Radiofrequency ablation (RFA) and cryoablation are already considered sound treatment options, while transarterial chemoembolization (TACE) is probably the worldwide standard for treatment of unresectable hepatocellular carcinoma, with drug-eluting beads being the first major technology advancement in TACE. Microwave ablation (MWA), irreversible electroporation, and HIFU are evolving interventional technologies.
“The popularity of interventional technology is increasing; looking into the future, the medical fraternity is considering it as a major treatment possibility,” said Frost & Sullivan Healthcare Senior Analyst Akanksha Joshi. “Cost effectiveness and improvement in quality of life are the main merits achieved with interventional oncology.”
Although surgery remains the standard treatment method for most forms of cancer, there is ample space for new technologies to be implemented.

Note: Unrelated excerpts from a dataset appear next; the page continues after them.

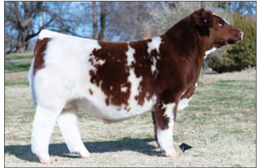
CSF KSS TRADEMARK 1872 Sire of Lot 50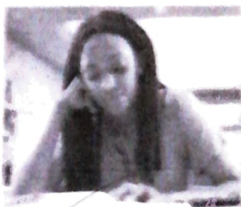
3. She is going to read.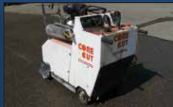
Diamond Core CC3500J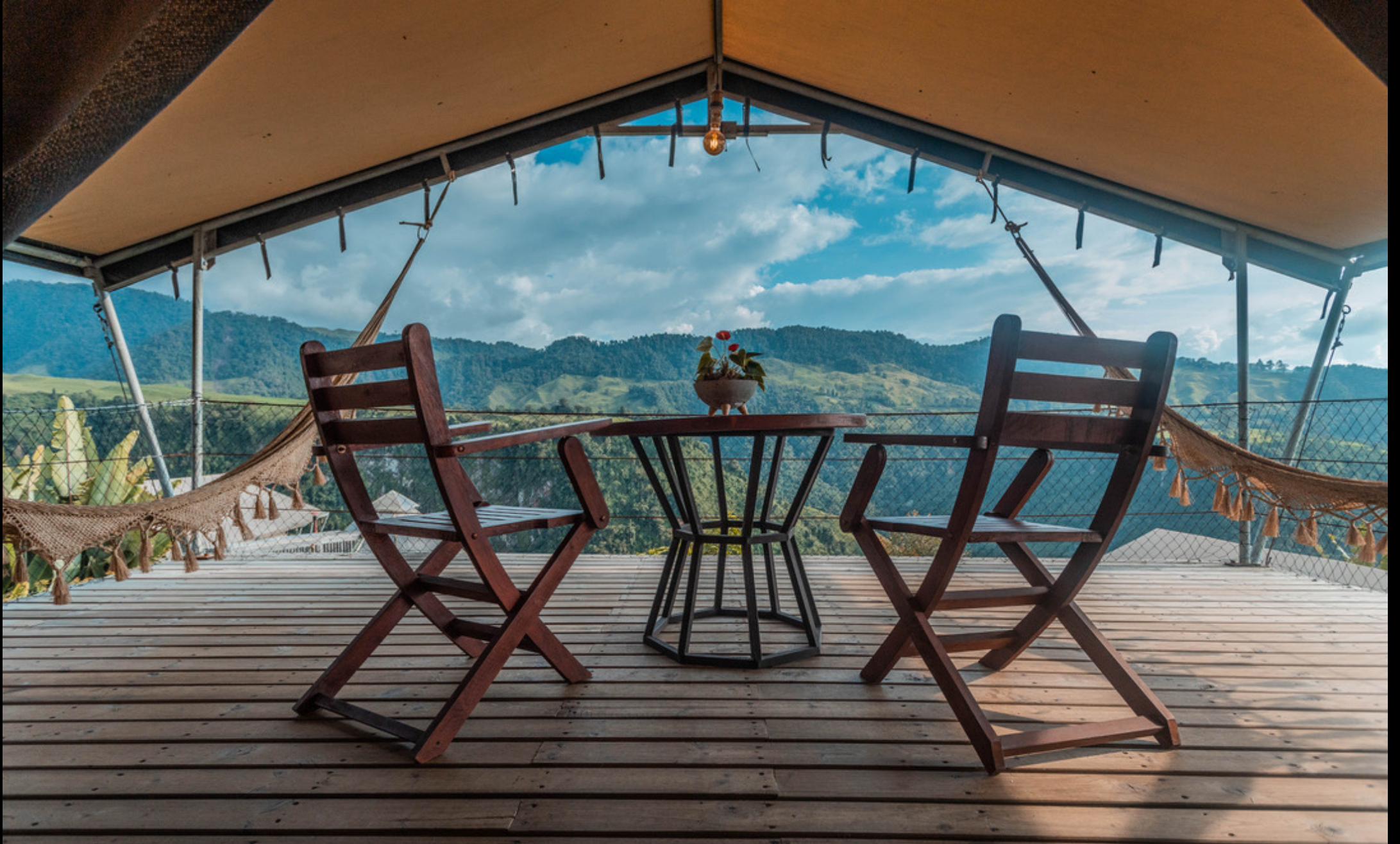
Condors terrace as the entrance terrace this front deck has a dining table and pair of hammocks so you can contemplate the landscape or wait until the condors appear.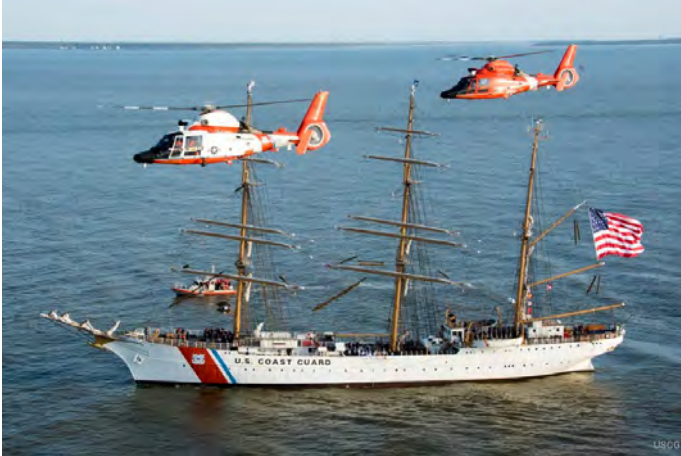
Coast Guard ship "Eagle" surrounded by Coast Guard patrol boats and helicopters.

https://www.military.com/coast-guard-birthday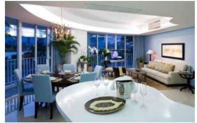
Azura, Đà Nẵng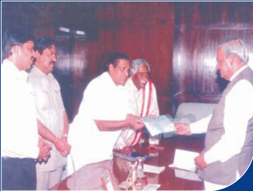
Donation of 40 lacs towards relief works for victims of Gujarat Earthquake in the year 2001.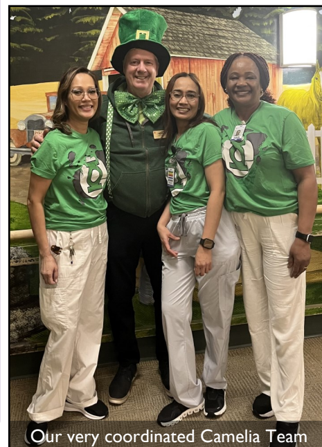
Our very coordinated Camelia Team

MWA has introduced advantages compared with RFA and is steadily growing in sales. Selective internal radiation therapy (SIRT) and HIFU too are gaining ground due to clear benefits such as targeted therapy and non-invasiveness, respectively.
“Presented as the most accurate and patient-friendly procedures that are applicable to a wide patient base, TACE, HIFU and SIRT are in the growth phases and likely to gain a much larger market share in the future,” noted Joshi. “Unfortunately, treatment methods using ablation technologies and SIRT have little or no reimbursement in Europe despite the clear demand for minimally invasive and non-invasive methods that increase patient comfort, reduce patient hospital stay, and hence decrease treatment costs for both hospitals and patients. Surgery continues to be the trusted and globally reimbursed mode of treatment for cancer.”
Further, full clinical evidence for the effective use of new technologies is still lacking. Most studies are vendor sponsored which means parameters to evaluate the device vary and results may thus not be unbiased.
Increasing investment in research will improve existing devices and technologies’ output. For instance, tissue overheating during MWA may be avoided by implementing power control algorithms, and advanced ergonomic devices are being designed with instinctive controls and features.
Manufacturers will greatly benefit from the fact that many interventional oncology technologies can be used as combinational technology. Numerous possibilities have been researched, such as heat activated liposomal doxorubicin with RFA. Similarly, both HIFU and RFA help in the deposition of doxorubicin. Studies also indicate that the combination of technologies such as RFA with TACE, or percutaneous ethanol injection (PEI) with RFA or TACE provides better-quality treatment. Clinical trials are currently being performed to prove the efficacy of such combined technologies.
“Availability of reimbursement for interventional oncology technologies would make them more popular as combinational technologies,” stressed Joshi. “This trend would favour the use of different techniques as per necessity and benefit of patients.”
Going forward, image-guided multimodality routing, computerisation and visualisation, along with electromagnetic radiation, drug delivery and immunotherapy, are expected to play a pivotal role in curing cancerous tissues. Methods gaining popularity in this treatment space include image-guided stereotactic radiotherapy with modern methods of respiratory synchronization.
For now, combinational technology will offer medical oncologists a choice of additional treatment, although there still remains a need to search for a technology that can substitute surgery. Collaboration between the science and medical communities, and manufacturers will pave the way for an effective treatment solution.
If you are interested in more information on this Market Insight on Interventional Oncology – Combinational Technologies, please send an email to Anna Zanchi, Corporate Communications, at [email protected]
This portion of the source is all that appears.